When everyone left and Mazeed brought the kids back home I was alone with her. I laid down next to her and I spent the whole night reciting prayers and talking to her . I told her she was going to be ok. She might no longer be with me but she's going to a place that is so much better than where she is now. A place where she can be and do anything she wants. I think she heard me because she cried. I cried. Tears kept flowing down her face even though she couldn't respond to me. That was really hard for me.
Both of us always try not to cry when we're with each other.I don't because I don't want her to think I'm sad . She doesn't because I think she never wants me to worry about her. The times of putting up a front ended that night. I hugged her close and told her how amazing she has been and how I'm so so blessed to have her and that everyone loves her very very much. I cannot forget that night for the rest of my life. The last night with Marisa. I'm thankful for those hours.

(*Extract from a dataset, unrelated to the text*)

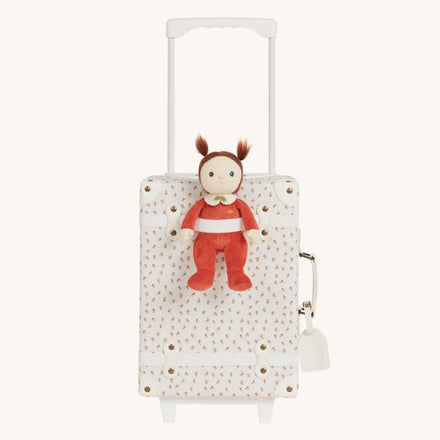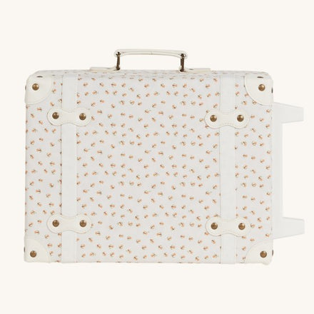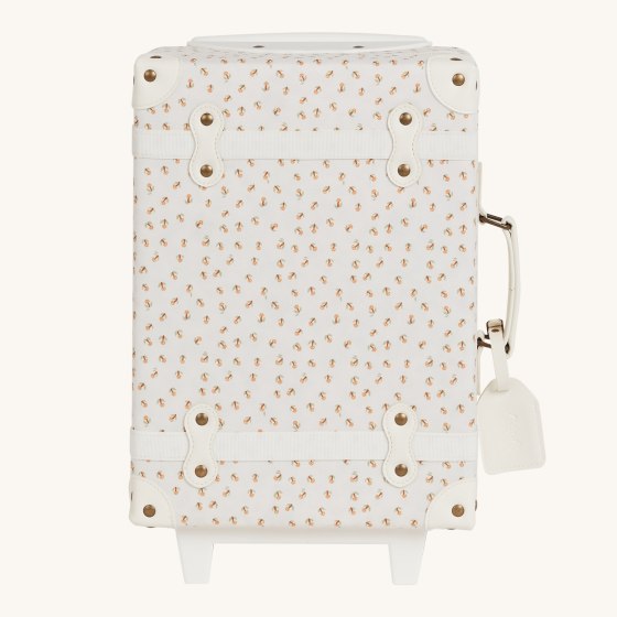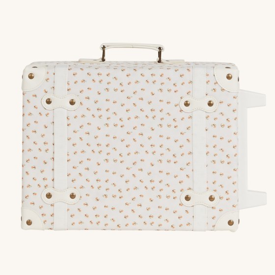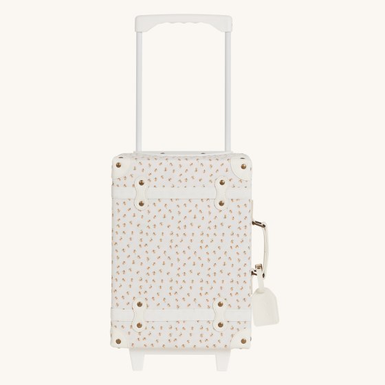 De prachtige kinder reiskoffer See-Ya Suitcase van Olli Ella. In een mooi handzaam kinderformaat en dat is eigenlijk best jammer want wij willen ook wel zo'n mooie koffer om mee op reis te gaan!

I can't imagine how she must have felt . I cried and cried and cried until i had no more tears.
Words cannot describe how it was that night. Words cannot describe what it feels to lose a child . It's been 3 years now and she would've turned 21 on the 19th February. I keep myself extremely busy. I find things to do . I give myself projects. I smile . I move on. I also miss her everyday . I try not to nap afternoon because when I wake up I hear her calling my name. It's so clear. I wake up in the middle of the night thinking i need to go to her room and adjust her sleeping position. It's not easy . It's also something only I can manage. Truth is no one can help me with how I feel. I manage. I'm blessed with my mum and sisters who has known and understood me the longest. I'm blessed with Mazeed who understands my mood swings is always there in the most thoughtful way . My other kids?I love them to bits as I do Marisa. They keep me on my toes and they understand me well. They know why I cry, they hug me all time because they experienced Marisa with me. All I know is that I'm different now. I try to love unconditionally. I only say things that matter. I keep my mouth shut if it's not going to make a difference. I tell my kids I love them all the time. I tell Mazeed exactly how I feel. I think life is too short to focus on things that is beyond our control. We must fight , we must be strong but when it reaches a point where there's nothing more you can do take a step back and let it happen. God knows best. You know yourself best . Don't question that.
I always feel Marisa was a gift to my family in order to make us better people. To remind us who we are.
She might not be with us anymore but she left in the best way possible, The night before she passed, I had that few hours with her.Allah gave me time to talk to her and to tell her everything I ever wanted to say to her and didn't. It wasn't easy but life is beautiful if we choose to see it that way.